Wastewater-Based Epidemiology using Phylogenetic Placements

Introduction

WEPP (Wastewater-Based Epidemiology using Phylogenetic Placements) is a phylogeny-based pipeline that estimates haplotype proportions from wastewater sequencing reads using a mutation-annotated tree (MAT) (Figure 1A). By improving the resolution of pathogen variant detection, WEPP enables critical epidemiological applications previously feasible only through clinical sequencing. It also flags potential novel variants via Unaccounted Mutations, which can be examined at the read level using the interactive dashboard (Figure 1B).

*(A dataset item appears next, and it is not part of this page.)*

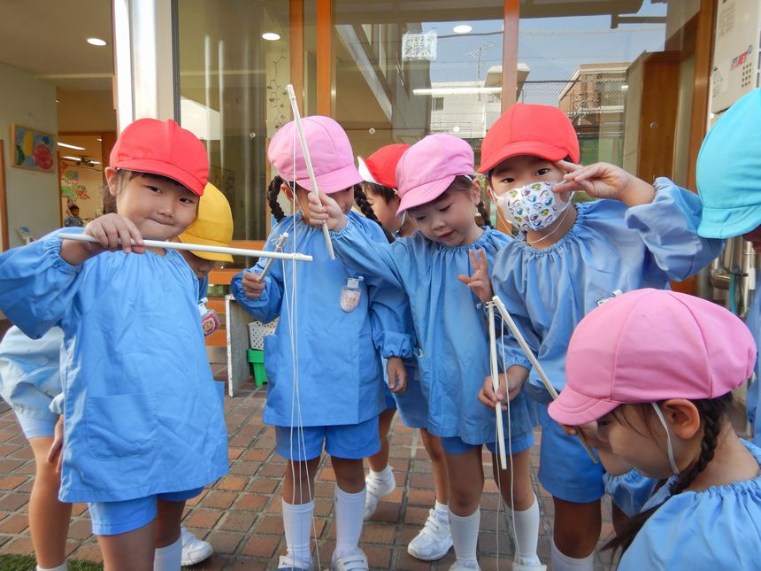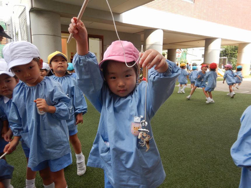 どのようにすれば釣れるのかを友達と話し合いながら、にぎやかに楽しみました!

WEPP begins by placing reads on the mutation-annotated tree (MAT) and identifying an initial set of candidate haplotypes. It expands this set by including neighbors around each selected haplotype to form a candidate pool, which is passed to a deconvolution algorithm to estimate haplotype abundances. Haplotypes above a frequency threshold are retained, and their neighbors are again added to form a new candidate pool. This process is repeated iteratively until the haplotype set stabilizes or the maximum number of iterations is reached (Figure 1C).

Figure 1: Overview of WEPP

Installation

WEPP offers multiple installation methods. Using a Docker is recommended to prevent any conflict with existing packages.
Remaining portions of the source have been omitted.